Moreover, the process is completely independent of chromium leaching problems. Following this pretreatment, paints, adhesives, or plastics can be applied in accordance with conventional methods. Next, the present invention will be explained in detail with reference to examples.

In all examples, aluminum strips were wetted using a roll coater with the phosphating solution detailed below and dried at 80°C. Prior to roll coating, the aluminum strip was coated with PHL. Washed with 3 following solutions. The content of active substances in each treatment liquid and m”
The coating liquid amount d1 per evaporation residue of the treatment liquid 9/l and the produced film weight Tfly/TI are shown for Examples 1 to 9, except for Examples 2, 7, and 9 for comparative experiments.

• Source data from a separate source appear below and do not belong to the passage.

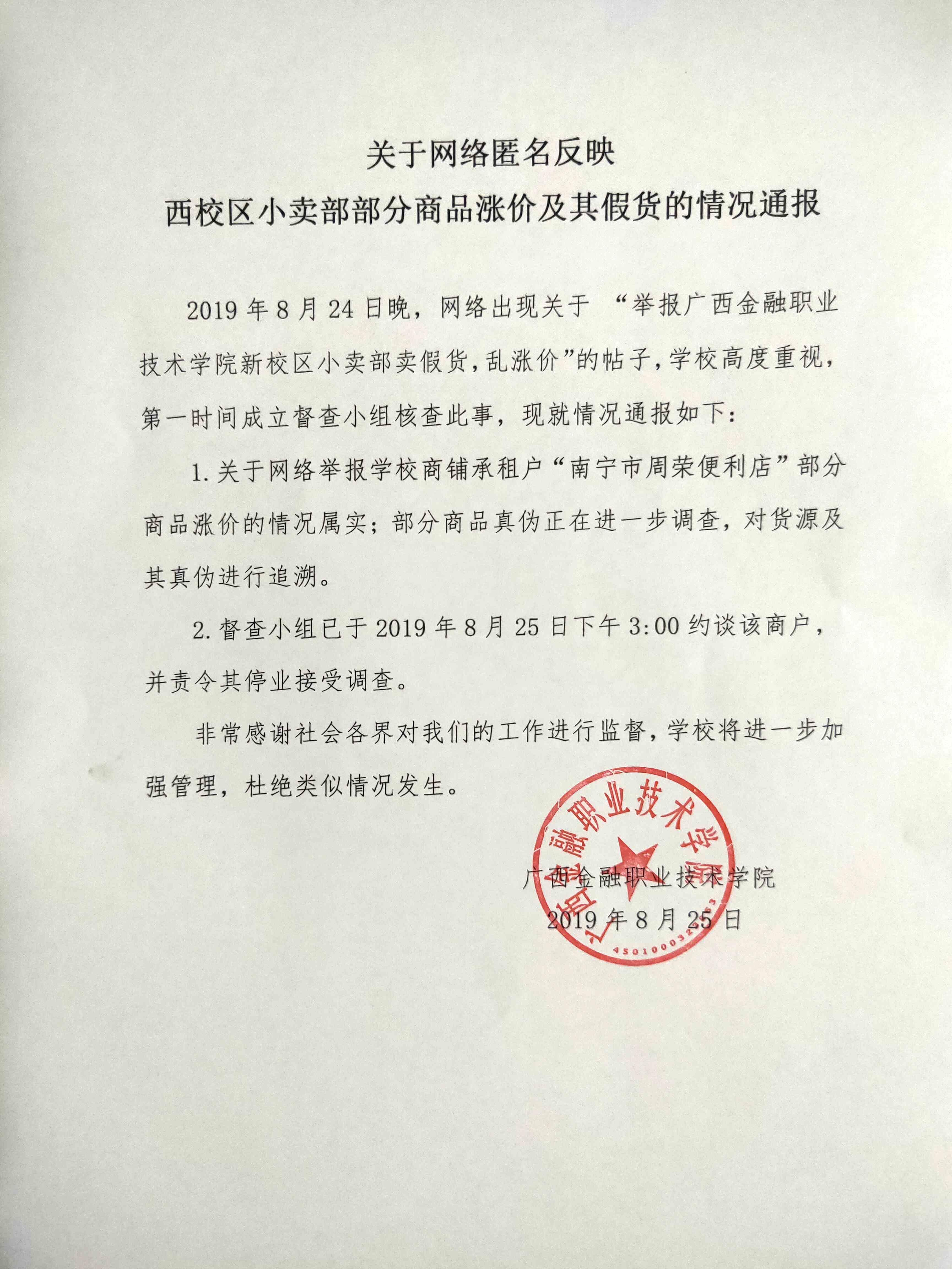 关于网络匿名反映西校区小卖部部分商品涨价及其假货的情况通报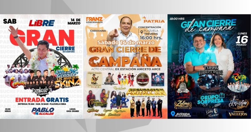Uno de los eventos se realizará este sábado con el cierre de campaña del candidato a la Alcaldía de Sucre, Pablo Arízaga, de la agrupación Libre. La actividad tendrá lugar en el local Casa Grande, ubicado en la calle Inca Garcilaso #135, donde se presentarán los grupos Explosión Cumbiera, La Nueva Skina y Cumbaros.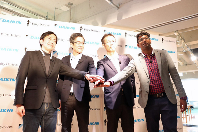 (左から)フェアリーデバイセズ 執行役員 江副滋氏、フェアリーデバイセズ 代表取締役 藤野真人氏、ダイキン工業 テクノロジーイノベーションセンター長 米田裕二氏ダイキン工業 テクノロジーイノベーションセンター 情報通信グループ Busi Ashish(ブシィ・アシシュ) 氏 |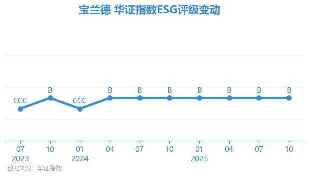 日前,华证指数公布了新一期(2025年10月31日)的ESG评级结果,宝兰德(688058.SH)获得B评级(华证指数评级为C起至AAA九档,C为最低档,AAA为其最高一级评级/AA为其第二档),上一期(2025年7月31日)ESG评级为B。本期ESG评级在165家软件行业A股上市公司中排名第91(上一期排名第83)。

The thus pretreated samples were painted with vinyl lacquer and epoxy phenolic resin paint, and the adhesion was tested by a bending test and the corrosion resistance was tested by a Pasteur test.

Claims (1)

[Claims] 1. A method for preparing the surface of metals such as iron, zinc, aluminum, or alloys thereof as a pretreatment method prior to the subsequent application of organic coating, which A method in which a metal surface is wetted to form a phosphate film using a phosphate treatment solution containing at least one metal cation having a pH of 1. .5 to 3.0, and the treatment liquid does not contain a chromium component and consists of water-soluble molybdate ions, tungstate ions, vanadate ions, niobate ions, and tantalate ions in addition to metal phosphates. A phosphate treatment solution containing at least one kind of ion selected from the group Me^n+(H
_2PO_4)_n [n is an integer of 2 or 3 or more] molybdate ion, tungstate ion, vanadate ion, niobate ion and/or tantalate ion (each MoO
_3, WO_3, V_2O_5, Nb_2O_3 and T
Calculated as a_2O_5), the molecular ratio is 1:0.4
A pretreatment method for a metal surface, characterized in that the pretreatment method is within a range of 0.01. 2. The phosphate treatment solution further contains simple or complex fluoride ions, where Me^n+(H_2P
Fluoride of metal phosphate calculated as O_4)_n [
Calculated as Me^n^+F_n_+_2)^2^-, where n is an integer], the molar ratio is 1:0.04 to 2.0
Claim 1 characterized in that it is within the scope of
The method described in section. 3 The phosphate treatment solution further contains fine silica, where the metal phosphate silica (SiO_2 The molecular ratio to fluoride (calculated as (Me^n^+F_n_+_2)^2, where n is an integer) is 1:0.2~
5.0: The method according to claim 2, characterized in that it is within the range of 0.04 to 2.0. 4. Claim 1, characterized in that the divalent or trivalent or higher valent metal cation is selected from the group consisting of calcium, magnesium, barium, aluminum, zinc, cadmium, iron, nickel, cobalt, and manganese. the method of. 5. The method of claim 1, wherein the phosphate treatment solution further comprises a reducing agent, and the reducing agent is present in at least one reducing equivalent. 6 The phosphate treatment solution further contains a dispersible organic polymer having film-forming ability, and Me^n^+^1(H
2. Process according to claim 1, characterized in that the molar ratio of metal phosphate to said polymer, calculated as _2PO_4)_n, is within the range of 1:0.1 to 2.0. 7 After drying as it is, 0.03 to 0.6 g/m^
2. A method according to claim 1, characterized in that the film of said phosphate treatment solution is applied in an amount such that a dry film weight of 2. 8. Process according to claim 1, characterized in that the in-situ drying of the liquid film is carried out at a temperature between 50°C and 100°C. 9. The method according to claim 1, characterized in that the metal to be treated is aluminum. 10. The method according to claim 9, characterized in that the aluminum is washed with an acidic aqueous solution prior to the phosphate treatment.